> [Problem description]: Give the lines again exactly as they appear below, from the line with "Übersicht Ebene C" to the line with "2013. aasta lõpus", both included, and only those lines. Leave every picture out.

> [Provided material]:
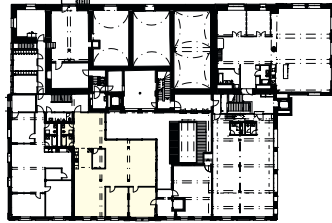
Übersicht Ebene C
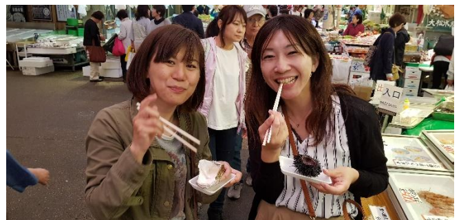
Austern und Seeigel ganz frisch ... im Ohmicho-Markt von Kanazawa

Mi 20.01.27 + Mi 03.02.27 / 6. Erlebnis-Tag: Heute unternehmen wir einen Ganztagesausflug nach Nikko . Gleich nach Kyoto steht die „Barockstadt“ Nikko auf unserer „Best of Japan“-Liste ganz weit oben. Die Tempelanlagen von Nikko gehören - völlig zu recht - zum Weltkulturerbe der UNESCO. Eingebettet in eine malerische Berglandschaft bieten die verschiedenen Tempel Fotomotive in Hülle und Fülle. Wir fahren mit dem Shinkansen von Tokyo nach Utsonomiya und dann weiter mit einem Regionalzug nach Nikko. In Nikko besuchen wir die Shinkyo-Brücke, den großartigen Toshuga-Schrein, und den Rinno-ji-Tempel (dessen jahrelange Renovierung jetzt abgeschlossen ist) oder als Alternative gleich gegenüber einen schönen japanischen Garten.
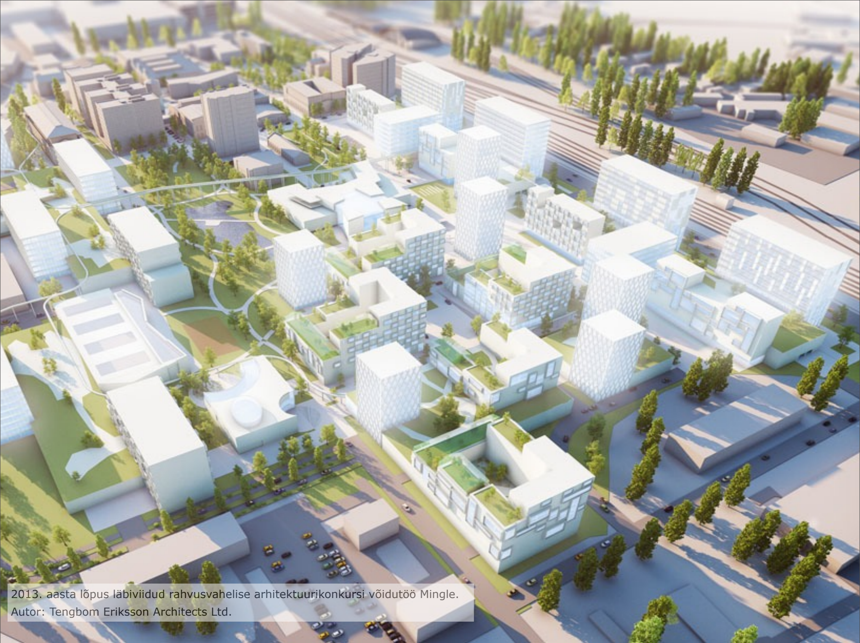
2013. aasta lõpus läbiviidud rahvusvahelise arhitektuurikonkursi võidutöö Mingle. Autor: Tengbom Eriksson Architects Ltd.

* * *

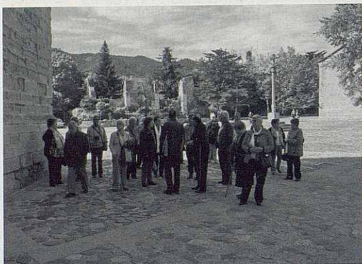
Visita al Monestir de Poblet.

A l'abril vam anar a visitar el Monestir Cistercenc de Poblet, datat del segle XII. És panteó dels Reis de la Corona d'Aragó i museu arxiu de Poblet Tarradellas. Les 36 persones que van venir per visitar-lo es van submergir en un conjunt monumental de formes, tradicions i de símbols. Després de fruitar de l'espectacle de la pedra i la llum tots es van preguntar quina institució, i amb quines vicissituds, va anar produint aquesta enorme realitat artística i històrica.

> [Exercise response]:
Übersicht Ebene C
Austern und Seeigel ganz frisch ... im Ohmicho-Markt von Kanazawa

Mi 20.01.27 + Mi 03.02.27 / 6. Erlebnis-Tag: Heute unternehmen wir einen Ganztagesausflug nach Nikko . Gleich nach Kyoto steht die „Barockstadt“ Nikko auf unserer „Best of Japan“-Liste ganz weit oben. Die Tempelanlagen von Nikko gehören - völlig zu recht - zum Weltkulturerbe der UNESCO. Eingebettet in eine malerische Berglandschaft bieten die verschiedenen Tempel Fotomotive in Hülle und Fülle. Wir fahren mit dem Shinkansen von Tokyo nach Utsonomiya und dann weiter mit einem Regionalzug nach Nikko. In Nikko besuchen wir die Shinkyo-Brücke, den großartigen Toshuga-Schrein, und den Rinno-ji-Tempel (dessen jahrelange Renovierung jetzt abgeschlossen ist) oder als Alternative gleich gegenüber einen schönen japanischen Garten.
2013. aasta lõpus läbiviidud rahvusvahelise arhitektuurikonkursi võidutöö Mingle. Autor: Tengbom Eriksson Architects Ltd.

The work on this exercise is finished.